And (2-3) in order to obtain a background image of the scene, roughly segmenting the smoke image sequence by adopting the fully-convolutional neural network trained in the previous step. Assume that the smoke sequence image size is W × H. Firstly, dividing a sequence image into m × n sub-blocks, then scaling the image to the size of (W/m, H/n), then inputting the scaled image into a full convolution neural network, and finally calculating the probability value of whether the m × n sub-blocks are smoke or not. For example, for the k frame image, the probability value of each small block after division is

i is 1,2, … m, j is 1,2 … n, and the threshold T is set to 0.7. If it is not

The sub-block is determined to be a foreground block, otherwise it is determined to be a background sub-block.

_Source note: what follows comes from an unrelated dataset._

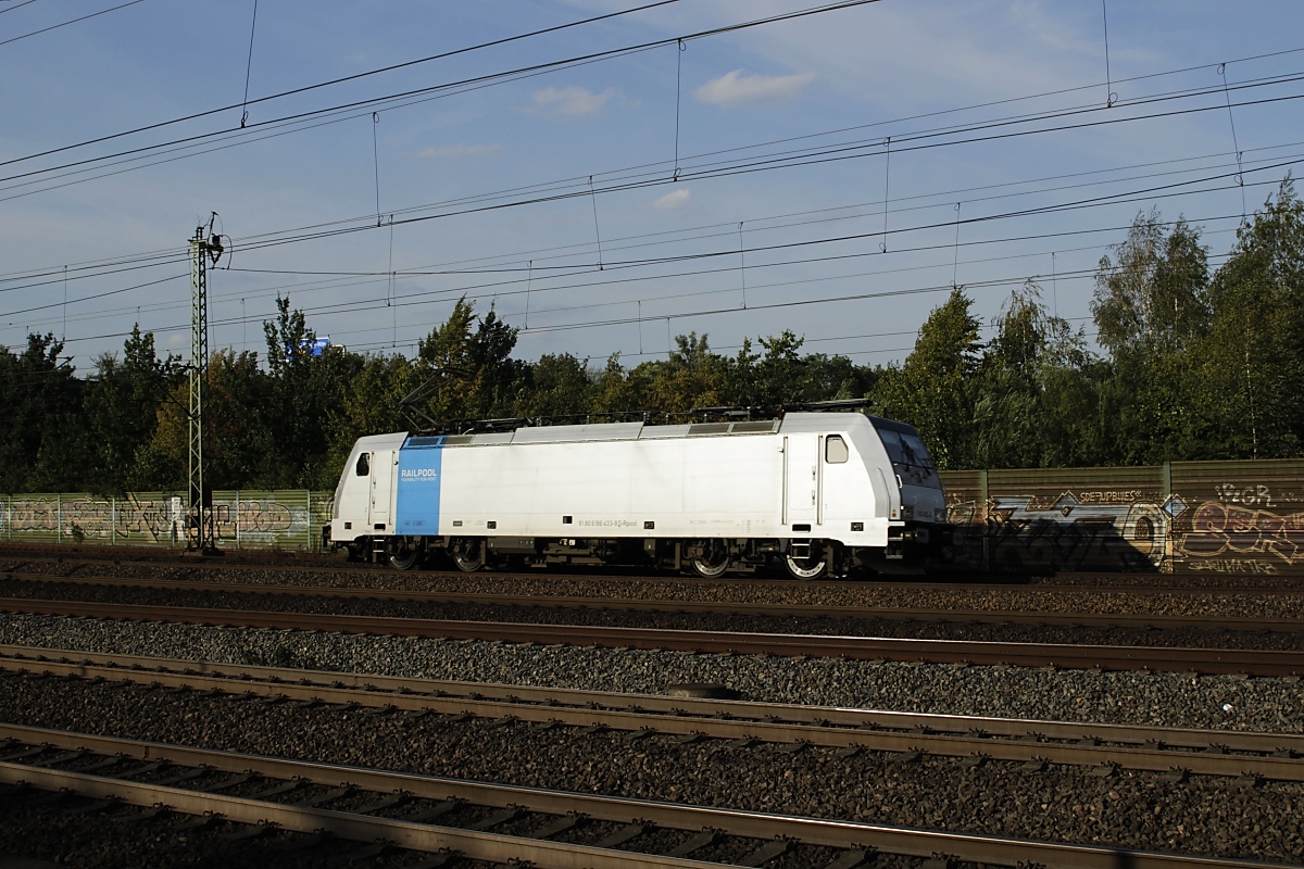 Kesselzug mit 186 433-9 Railpool, vermietet an die HSL Logistik GmbH (HSL), fährt in Halle (Saale), Karl-von-Thielen-Straße (Gebiet der DR), auf der Ostumfahrung für den Güterverkehr in nördlicher Richtung.

(2-4) background construction and update, and setting the background image to be constructed as B (x, y), similar to the previous image frame processing, the background image is correspondingly divided into m × n sub-blocks, each sub-block being represented as

At the beginning, the gray value of all pixel points of the background image is set to be-1, namely B₀(x, y) — 1, indicating that the background is not updated. Using sub-blocks determined as background, based on the result of the coarse segmentation of the image in the video sequence

To construct or update the background image. Specifically, if the corresponding background sub-block is not updated, i.e. its pixel value is-1, the gray value determined as the background sub-block is directly substituted. Otherwise, the background sub-block of the current frame is used for proper updating.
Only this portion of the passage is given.